Represents one mirrored clipboard event.

Suggested fields:

  • id
  • created_at
  • workspace
  • source_app
  • content_type
  • language
  • content
  • size_bytes
  • token_estimate
  • is_redacted
  • tags

Future rich payload fields:

  • payload_kind
  • mime_type
  • blob_ref
  • content_hash
  • preview_ref
  • width
  • height
  • platform_format
  • capture_policy

Workspace

Represents a named context bucket for a task.

Suggested fields:

  • name
  • description
  • color
  • agent_access
  • sticky_capture
  • retention_days
  • created_at

AuditEvent

Represents a read/write/routing/policy action.

Suggested fields:

  • id
  • timestamp
  • actor_type
  • actor_id
  • event_type
  • target_blip_id
  • target_workspace
  • details_json

Interfaces

CLI

Human-facing commands, for example:

  • blip inbox
  • blip send auth-bug
  • blip use auth-bug
  • blip current
  • blip list auth-bug
  • blip bundle auth-bug

Agent-facing commands

Scoped reads only:

  • blip agent recent auth-bug
  • blip agent search "jwt"
  • blip agent bundle

Agent-facing commands require an explicit readable workspace.
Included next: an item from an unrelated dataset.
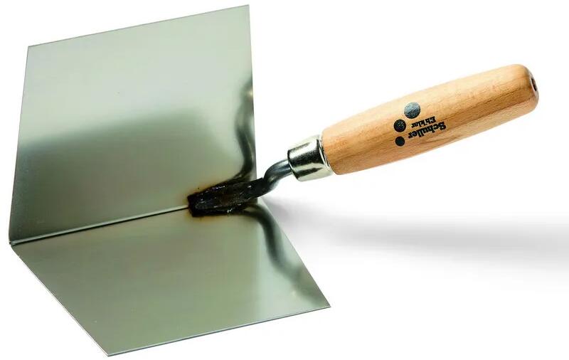 Rozsdamentes kőmüves sarokkanál (51102) egyenesvonalú belső szegletek kialakításához. Fa nyéllel, szárnyméret : 12 x 9,5 x 9,5 cm.

The default inbox workspace is a human triage queue and is not agent-readable by default; agent attempts to read it should fail with a clear policy denial.

Desktop UI

Visual management layer:

  • inbox queue
  • workspace list
  • active workspace indicator
  • timeline of blips
  • audit panel
  • settings and hotkeys

CI Expectations

Every PR targeting develop or main should run at minimum:

  • cargo fmt --check
  • cargo clippy --workspace --all-targets -- -D warnings
  • cargo test --workspace
  • cargo build --workspace

This is the Rust equivalent of formatting, linting, type-checking pressure, tests, and build verification on every change.